First Mennonite Morton



  • May6Wed

    Our Greatest Obstacle

    May 6, 2020 Aaron Yoder
    Filed Under:
    Faith, Commune Together, Scripture
    For by the grace given to me I say to everyone among you not to think of himself more highly than he ought to think, but to think with sober judgment, each according to the measure of faith that God has assigned.
    Romans 12:3 (ESV)

    Imagine a world severely infected by a hidden enemy that does not discriminate.  Its influence reaches into all pockets of humanity regardless of gender, age, nationality, ethnicity, status or religious upbringing.  Of course, during a global pandemic, we don’t need our imaginations. 

    However, I’m not referring to the coronavirus.  I’m referring to the infection which has been wreaking havoc upon the hearts of humanity since the Garden.  I’m referring to pride.  Now, I am not intending to make light of our current, coronavirus pandemic.  But rather to point out that this can be a time when we tangibly comprehend how vulnerable humans are to deeper, unseen forces – like the spiritual disease of pride.  

    Pride, according to the prophet Jeremiah, is self-exalting, self-magnifying arrogance (see Jer. 48:29).  Paul describes it as “thinking of [yourself] more highly than you ought to think (v3).”  In the context of Christian community, pride must be addressed because it always obstructs relationships – between self and others and between self and God.  Notice that Paul mentions pride as he transitions from individual spiritual practices (verses 1 & 2) to the goal of a diversely-gifted, harmonious local congregation. 

    But let’s also consider life at home.  When it is thriving, there can be no unity between husbands and wives, no joy between siblings and no peace with extended family.  Therefore, in all relationships, we must be sober-minded about the reality of pride and its persistent pull upon our hearts.

    Unfortunately, this is one spiritual disease which is much easier to diagnose in other people than within ourselves.  So how can we identify it and replace it with humility in order to live within unified relationships? 

    I believe that God included real life battles with pride within the pages of Biblical history for this very reason!  Consider some of these examples.  Satan, before his rebellion, boasted in his own beauty (Ez. 28:17).  Adam shifted blame off of himself (Gen 3:12).  Cain murdered his brother (Gen. 3:7-8).  Esau scorned his family heritage (Gen 25:34).  Jacob conned his father (Gen. 27:24).  Noami drew attention to herself in her bitterness (Ruth 1:20).  Saul illegally performed the duties of Samuel (1 Sam. 13:9).  Michal scorned her husband’s style of worship (2 Sam. 6:20).  David committed adultery (2 Sam. 11:4).  Peter avoided other Christians (Gal. 2:12).  And that’s the short list!  Can you identity with any of these?  I can, too.  

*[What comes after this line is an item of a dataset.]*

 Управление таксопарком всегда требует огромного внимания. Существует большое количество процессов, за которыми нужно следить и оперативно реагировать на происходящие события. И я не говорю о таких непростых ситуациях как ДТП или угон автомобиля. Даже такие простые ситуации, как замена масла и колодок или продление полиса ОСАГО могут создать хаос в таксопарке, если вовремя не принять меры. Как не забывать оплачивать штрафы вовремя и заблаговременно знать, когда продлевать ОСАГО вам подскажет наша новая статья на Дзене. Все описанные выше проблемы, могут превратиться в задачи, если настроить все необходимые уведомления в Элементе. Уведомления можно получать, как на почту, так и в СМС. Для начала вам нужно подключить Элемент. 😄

    Paul’s recommended antidote for the obstacle of pride is for disciples of Jesus to continue to see ourselves as recipients of God’s undeserved gifts.  Verse 3 reminds us that God’s grace is a gift.  Even our own measure of faith is a gift.  What then is left for us to boast about?  Nothing - only Christ.

    May we be quick to diagnosis our own pride when it surfaces and refocus our minds upon our gracious, gift-given Lord.  Through Jesus, Amen!